我常常想着,要怎么待他才能不辜负掉他十多年来内心小心翼翼的期待和希望。
我想,他是不会轻易爱人的,聪慧如他,大抵早就洞察了诸多世事无常。所以他爱世人,却不对世人许下承诺。他并不认为人类不是持之以恒的动物,他只是不信这世上有什么事物固若金汤。
他不许诺,也不信旁人的许诺。
尤其是一起养个小猫儿小鱼、整顿一个家,这样的承诺,他由来当做笑话听听。
毕竟十几岁的少年,很容易说出诺言,然后很快抛之脑后,用百般理由千般无奈推卸。年轻人一腔热血,很容易就把一生一世一辈子挂在嘴边。
唯有他清醒的笑着,绝口不提永恒的爱意。而在所有人都离去的时候,他又是唯一那个缝缝补补坚守那一处的人。
所以,我无法想象他毫无保留,抛下一切不安与枷锁,爱着一个人的样子。
02——
我很早就见过他。
很早。
在我大概两三岁的光景。早到我不叫赵红军,他不叫李勀。
我不知道他是谁,但那些包裹在厚重白色隔离服里的怪人们都叫他CGsP021004。
那会我们都被泡在青绿色的培养液里,不知道所谓母亲的子宫是不是比巨大的圆柱体培养皿更温暖。
03——
我知道他不记得了。
我记得。因为我是最特别的001。
培养室十年,我看了他八年。
这些只有我记得。
04——
局里对我们的态度一直模棱两可,每月例会最大的争议就是我们的存在问题,他们说此间牵扯过多,有如伦常、人性,再有如立场和大人物们的明争暗斗。这个局面,动辄就会变成一场被尖锐矛盾挑起的内部决裂。

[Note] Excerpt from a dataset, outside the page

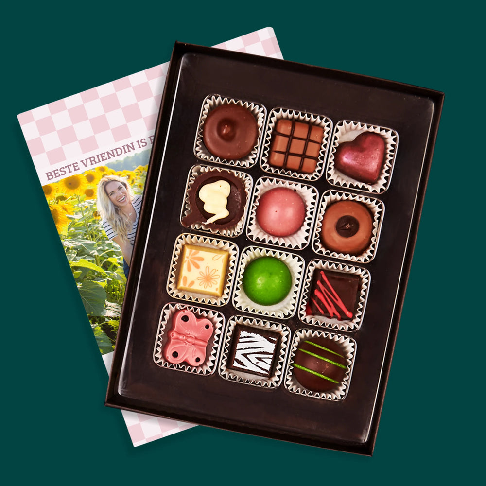 Heerlijke Belgische chocoladepralines in een elegante doos met de personalisatie naar keuze.

我看不懂暗流怎么个汹涌法,但我从他们的眼里看到了畏惧。
直到与我同期的几位在编CGsP实验品相继展现出过人的能力,局里针锋相对的气氛才有所缓和。但我很清楚,表面缓和的氛围不过是某些保守分子的身不由己。
一边是004锋芒毕露一跃成为医疗科最年轻的副科长。正科长年逾五十,很快到了退休的年龄。004主持医疗科大局只是时间问题。
另一边,局里的核心部门之一——执行科的任务几乎被我和010垄断、战略科成了106的一言堂。
此时若强行将我们这群人撤编,特对局的人员漏洞可想而知。再加上民间组织与特对局势同水火的现状,我们的存在最终得以被所有对此事有话语权的人承认。
如此过去一年。参与当年CGs计划的实验人员几乎全部调离一线,除了老局长,没人还记得什么创神计划。
CGsP021系列试验品人间蒸发。
从此特对局多了赵红军和李勀。
010改名为陈昊,是个疯狗。106更名毛北,是当之无愧的变态。据新来的委员说,当那两人走在一起时,连空气都会变得不太对劲。
所以我只与李勀说得上几句话。
05——
“不让你洗澡嘞也是!”
李勀动手拆我身上的纱布,手法相当粗暴,但意外不痛。每当这时他就会安安静静听我操着不甚流利的普通话狡辩,“我没,洗澡。”
正当我思考如何才能浇灭李勀压抑的怒火时,护士推着换药车,叮叮当当把好几个受伤委员撞得一个趔趄,然后无视背后一溜对她母亲的问候狂奔进来,“李副!不妙啊!那俩人又闯祸了!”
李勀闷声闷气的嗯了一声,这是他酝酿情绪时的表现,我并不想在这时候成为他怒火的转接口,所以非常了然的没有吭声。
只是突然我后背一疼。我歪脑袋看看他。他一脸猪肝色,气的手抖。而我最终还是在这场战火里被当充当出气筒,无辜殃及。
在护士的注视下憋闷了半天,李勀砰的一声炸了,我仿佛能看见一丛蘑菇云直升天际。
李勀大爆炸,就算是天王老子来了都阻止不了。他先是骂骂咧咧的把手里带血的刀子剪子一股脑往墙上一甩,然后脱下白大褂团成团。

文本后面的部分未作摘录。